BMO Capital Markets analysts raised their price target on Alphabet (NASDAQ:GOOGL) stock from $215 to $222 to reflect their growing optimism for the tech giant’s Search and YouTube businesses “given effective AI capabilities.”
Over the past year, Search share has increased by 130 basis points in the U.S. and 310 basis points globally, with analysts attributing these trends to the rise in repeat query behavior. The proliferation and adoption of chatbots embedded in most apps have led to users returning more frequently.
"As such, we are raising our 2Q24 Search estimate to +13.5% year-over-year from 13%, given continued strength across verticals and better-than-expected channel checks,” analysts said in a note.
For YouTube, the analysts forecast a 20-40 basis points increase in their 2024 Net Revenue estimate, assuming that TikTok ad spend is reduced by 15-30%. A 50% reduction in TikTok ad spend would provide a 60 basis points boost to YouTube revenue, while a complete 100% reduction would lead to a 90 basis points increase relative to the current forecast.

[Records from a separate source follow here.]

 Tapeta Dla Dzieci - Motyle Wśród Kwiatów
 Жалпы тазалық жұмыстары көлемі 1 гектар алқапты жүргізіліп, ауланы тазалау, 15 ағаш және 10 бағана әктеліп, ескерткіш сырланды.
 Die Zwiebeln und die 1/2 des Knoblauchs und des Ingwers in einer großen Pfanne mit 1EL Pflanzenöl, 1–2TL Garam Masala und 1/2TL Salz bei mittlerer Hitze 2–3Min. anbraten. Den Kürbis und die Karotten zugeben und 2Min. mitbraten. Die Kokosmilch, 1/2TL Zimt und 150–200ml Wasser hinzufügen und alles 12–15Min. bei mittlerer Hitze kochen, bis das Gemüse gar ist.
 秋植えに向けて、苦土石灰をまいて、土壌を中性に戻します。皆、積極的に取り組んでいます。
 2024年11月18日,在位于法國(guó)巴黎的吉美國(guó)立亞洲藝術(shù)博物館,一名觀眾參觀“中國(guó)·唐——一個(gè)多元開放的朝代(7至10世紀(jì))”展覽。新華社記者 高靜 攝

Furthermore, YouTube is benefiting from Google’s AI tools, particularly features like direct video upload from Studio mobile, the expansion of YouTube Create from 8 to 21 countries, auto-conversion from long-form to short-form content, and new ad tools for creators to monetize through AI capabilities.
"The output is growing time spent and continued share gains for U.S. CTV."

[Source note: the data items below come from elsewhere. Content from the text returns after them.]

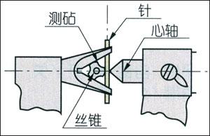 • 带有中心线凹槽的V型测砧。适用于单针法测量丝锥的中径。
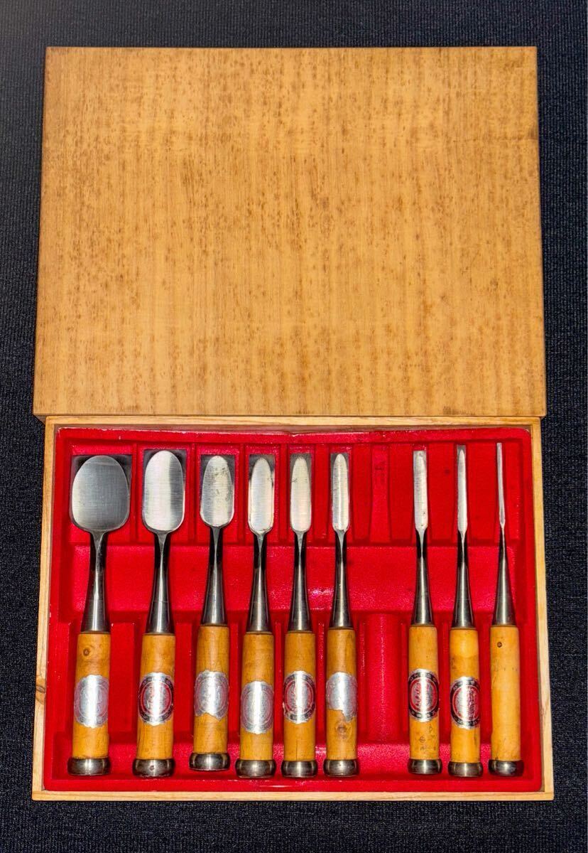 ● 【家隆鑿】叩き鑿 追入鑿 刃巾 1寸4分・1寸・8・6・5・4・3・2・1分 のみ ノミ 9点SET ★希少・OLD・現状品の出品となります。
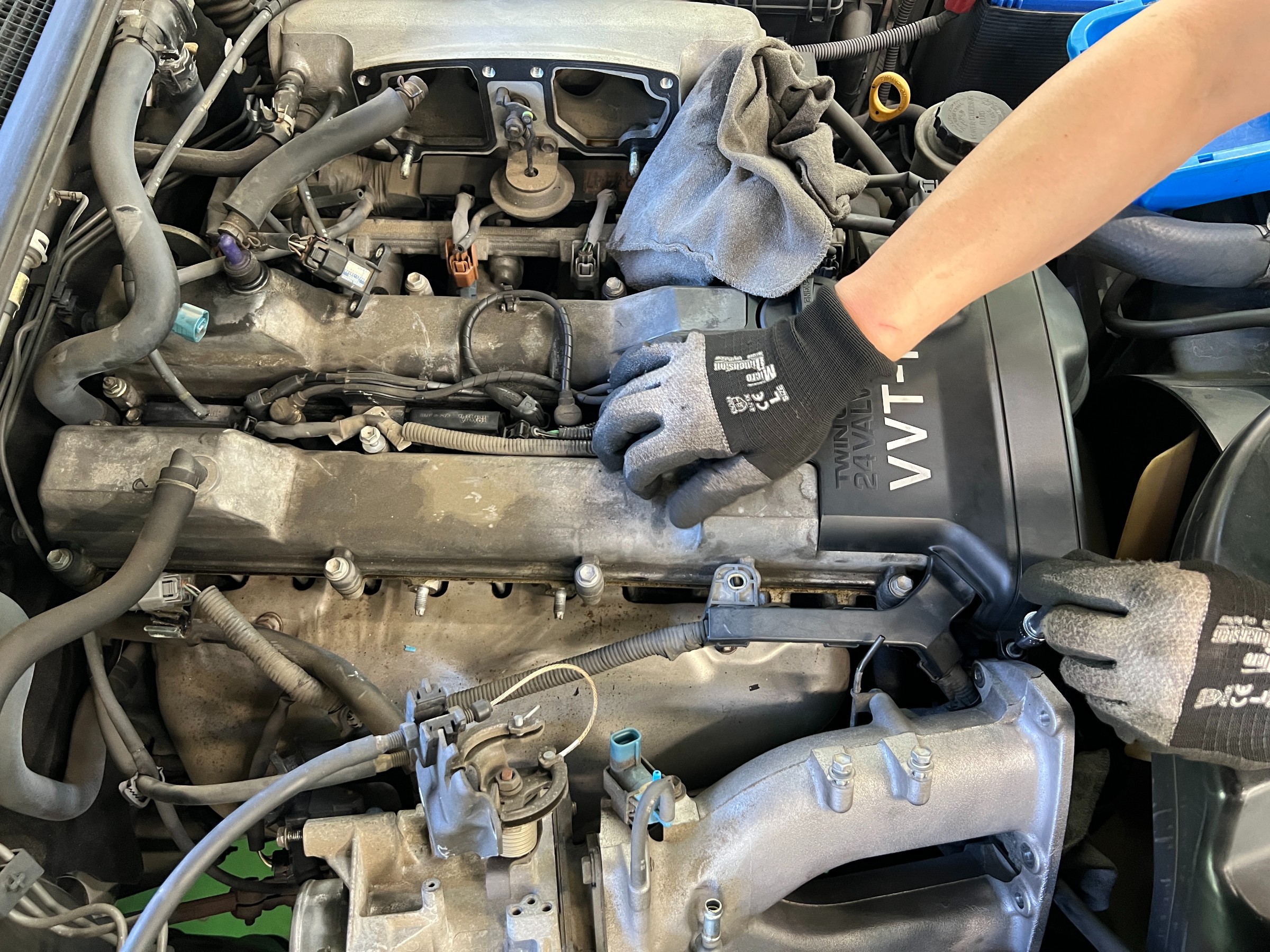 車検整備事例 「最近エンジンがブルブルする感じがする」 直6エンジンのプラグ交換でブルつき改善!本来の滑らかさが復活しました

BMO analysts also predict a significant boost for Google Cloud driven by the rise in dual-cloud adoption among enterprises. They model a 28% growth for Google Cloud, with potential upside in the second half of 2024 “given growth in gen AI workloads and easier comps relative to 1H.”
The investment bank has modestly increased their estimates for Google's 2024 and 2025 Search revenue to $196 billion and $217 billion, respectively, up from $195 billion and $216 billion. Further, they now expect YouTube revenue to reach $37 billion in 2024 and $43 billion in 2025, compared to their previous estimates of $36.5 billion and $42 billion.